• **ABOUT THIS TASK**
Give the listing again exactly, omitting its images.

• **GIVEN MATERIAL**
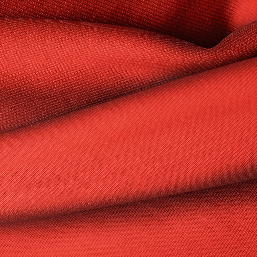 La tela base de Punto Camiseta - Vanity es de composición 95% POLIÉSTER, 5% ELASTÓMERO, con un gramaje de 185 gr/m2 y un ancho de 160 cm. Su color liso impreso es Rojo Bermejo, con una combinación de tintas Cyan: 11, Magenta: 93, Yellow: 93 y Black: 2 en un tono CMYK de 11 93 93 2. Este color vibrante resalta por su intensidad y calidez, combinando perfectamente con tonos neutros como blanco, negro y gris, así como con tonos tierra como beige y marrón.
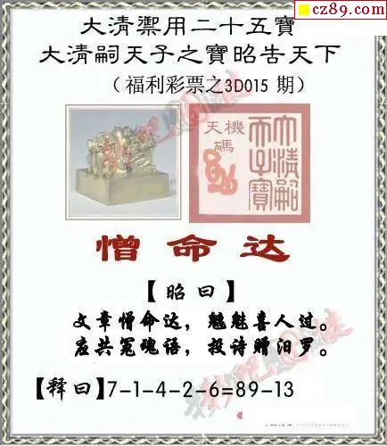 福彩三帝定三码015期3d图谜
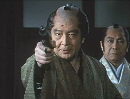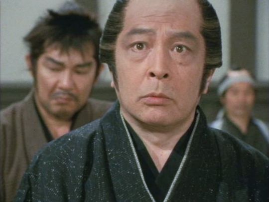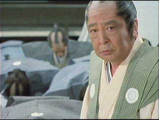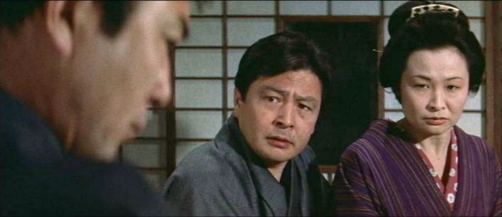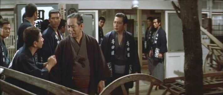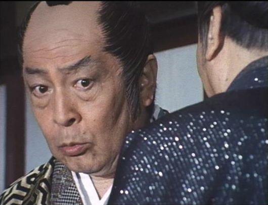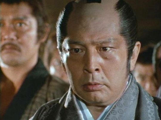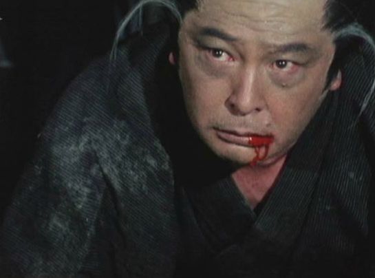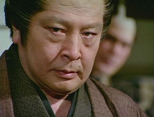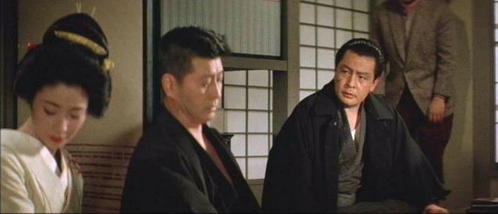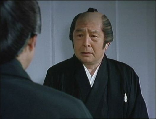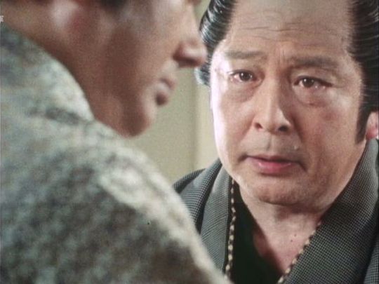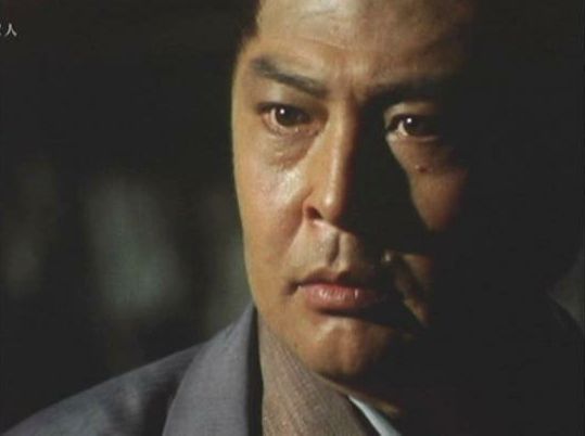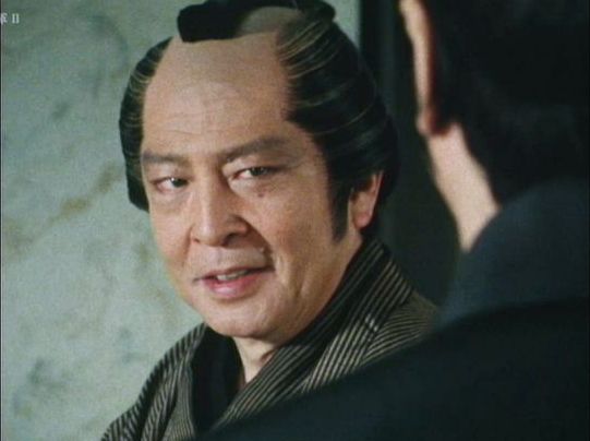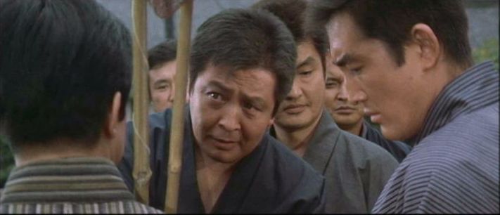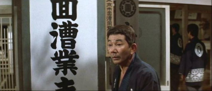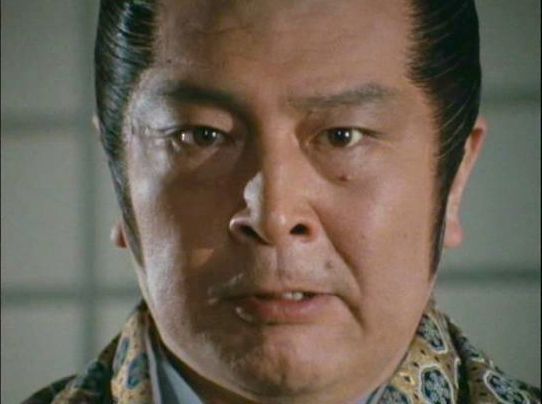 | 映画「昭和残侠伝 死んで貰います」(1970年)の高野真二。左手にクレジットなしで出ている由利徹が見える。 |
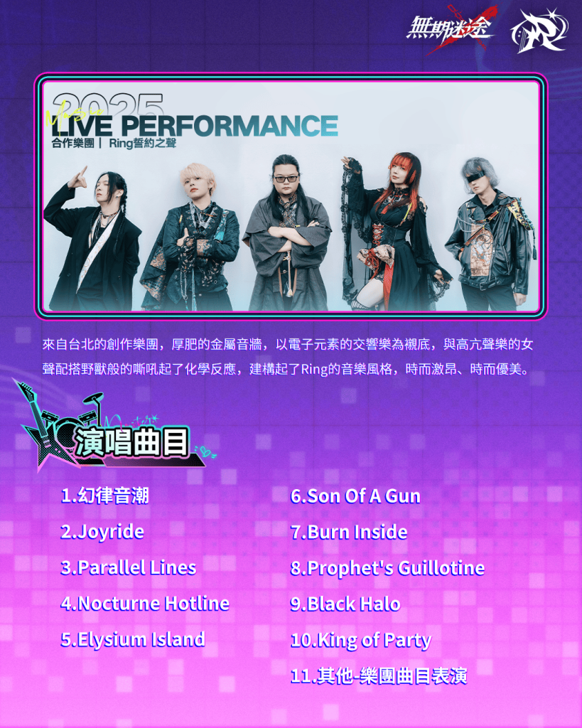 「上街頭 一起接上鴨頭吧!」線下音樂派對即將展開,本次邀請合作樂團「Ring誓約之聲」演唱10首無期迷途經典曲目,熱烈邀請局長們親臨現場,享受音樂饗宴,並打卡領到限定鴨寶頭套-輕薄款!

• **SOLUTION TO THIS PROBLEM**
 La tela base de Punto Camiseta - Vanity es de composición 95% POLIÉSTER, 5% ELASTÓMERO, con un gramaje de 185 gr/m2 y un ancho de 160 cm. Su color liso impreso es Rojo Bermejo, con una combinación de tintas Cyan: 11, Magenta: 93, Yellow: 93 y Black: 2 en un tono CMYK de 11 93 93 2. Este color vibrante resalta por su intensidad y calidez, combinando perfectamente con tonos neutros como blanco, negro y gris, así como con tonos tierra como beige y marrón.
 福彩三帝定三码015期3d图谜
 | 映画「昭和残侠伝 死んで貰います」(1970年)の高野真二。左手にクレジットなしで出ている由利徹が見える。 |
 「上街頭 一起接上鴨頭吧!」線下音樂派對即將展開,本次邀請合作樂團「Ring誓約之聲」演唱10首無期迷途經典曲目,熱烈邀請局長們親臨現場,享受音樂饗宴,並打卡領到限定鴨寶頭套-輕薄款!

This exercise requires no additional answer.